Логичным продолжением такой деконструкции стала критика Гуптой и Фергюсоном понятий «локальность/месторасположение» (
Другая совместная статья тех же авторов — «Дисциплина и практика: „поле“ в антропологии как место, метод и местоположение» — посвящена развитию критики этнографического поля как места980. Вся этнографическая риторика о входе в поле и трудностях, с этим связанных, и о выходе из него, о страданиях и героизме полевика, об изучении местных языков и длительном проживании в поле, об обряде перехода, который исследователь переживает, о дистанции между полем и домом, где он вспоминает, чтó ему довелось испытать «там», — все это уже содержит в себе образ поля как отдельного и изолированного другого/чужого мира, экзотичного и даже отсталого, а потому требующего изучения981. «Идея иного, несхожего, — пишут Гупта и Фергюсон, — играет ключевую роль в ритуале полевых исследований»982.
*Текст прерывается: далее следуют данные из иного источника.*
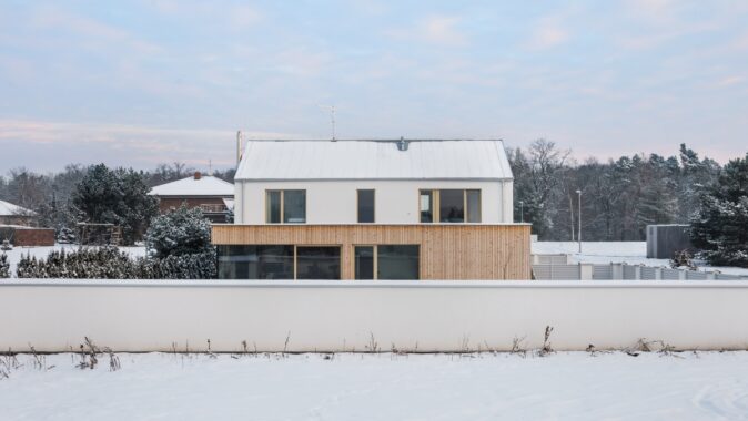 předsazené nízké hmotě si zachovává moderní ráz. Bíle omítnutý minimalistický
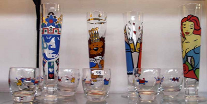 various designs including Ulrike Vater. Together with A SET OF SIX TUMBLERS, with cat and dog motif. Height 25cm, 8cm. -
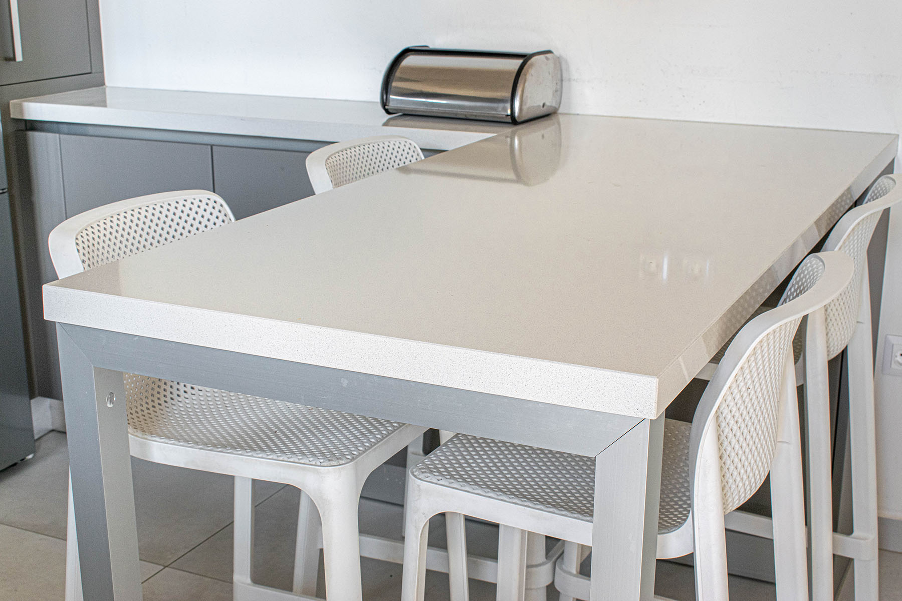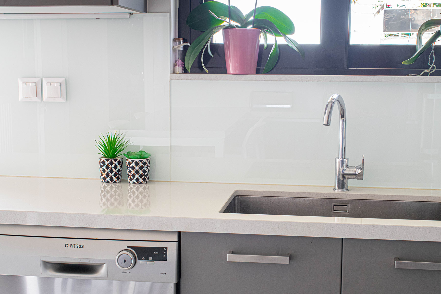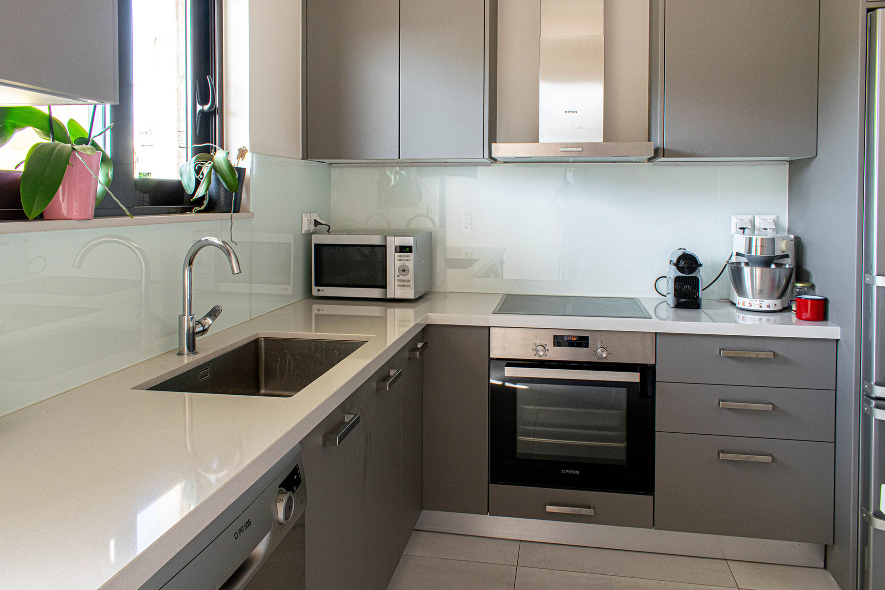 'Επιπλα κουζίνας σε μοντέρνο στυλ. Κουζίνα σε γκρι απόχρωση. Πορτάκι HPL με πάγκο από χαλαζία και πλάτη με τζάμι securit λευκό. Ο συνδυασμός λευκού και ανοιχτού γκρι σε μοντέρνο ύφος αναδεικνύεται ως μία από τις πιο κομψές και ευέλικτες επιλογές στην κατασκευή κουζίνας, προσφέροντας φωτεινότητα, ηρεμία και στυλ χωρίς υπερβολές. Η κατασκευή της κουζίνας έγινε από την εταιρεία Μασίφ Δρυς.
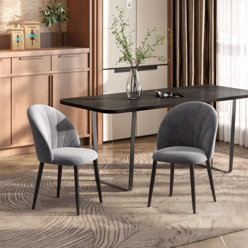 HOMCOM 2er-Set Esszimmerstühle Akzentstühle Küchenstühle, Retrodesign, Samtoptik, 52 cm x 54 cm x 79 cm, Grau

Вместе с критикой американские антропологи предлагают переосмыслить заново и оживить разные формы полевой работы: «Отказываясь от образа проторенной дороги, ведущей к всестороннему и целостному постижению „другого общества“, этнография все более явно начинает предпочитать гибкую и открытую стратегию, усложняющую наше понимание различных стран, народов и их судеб. Эта стратегия обеспечивается более пристальным вниманием к различным формам знания, получаемого из разнообразных социальных и политических источников»983. Авторы призывают перестать видеть поле только как небольшую деревню, населенную иноязычными жителями с диковинными обычаями, а полевика — как белого мужчину американского или европейского происхождения, принадлежащего к среднему классу. Они напоминают, что современные антропологи играют разные гендерные, социальные и культурные роли и, соответственно, имеют разные представления о том, что и как следует изучать. Они ищут новые вопросы и темы, обращая внимание на разные виды движения (миграция, беженцы, внутригородские передвижения), отсутствия укорененности (бездомные, пригороды), обезличенных (медиа, виртуальные пространства) и непостоянных (магазины, офисы, аэропорты) отношений.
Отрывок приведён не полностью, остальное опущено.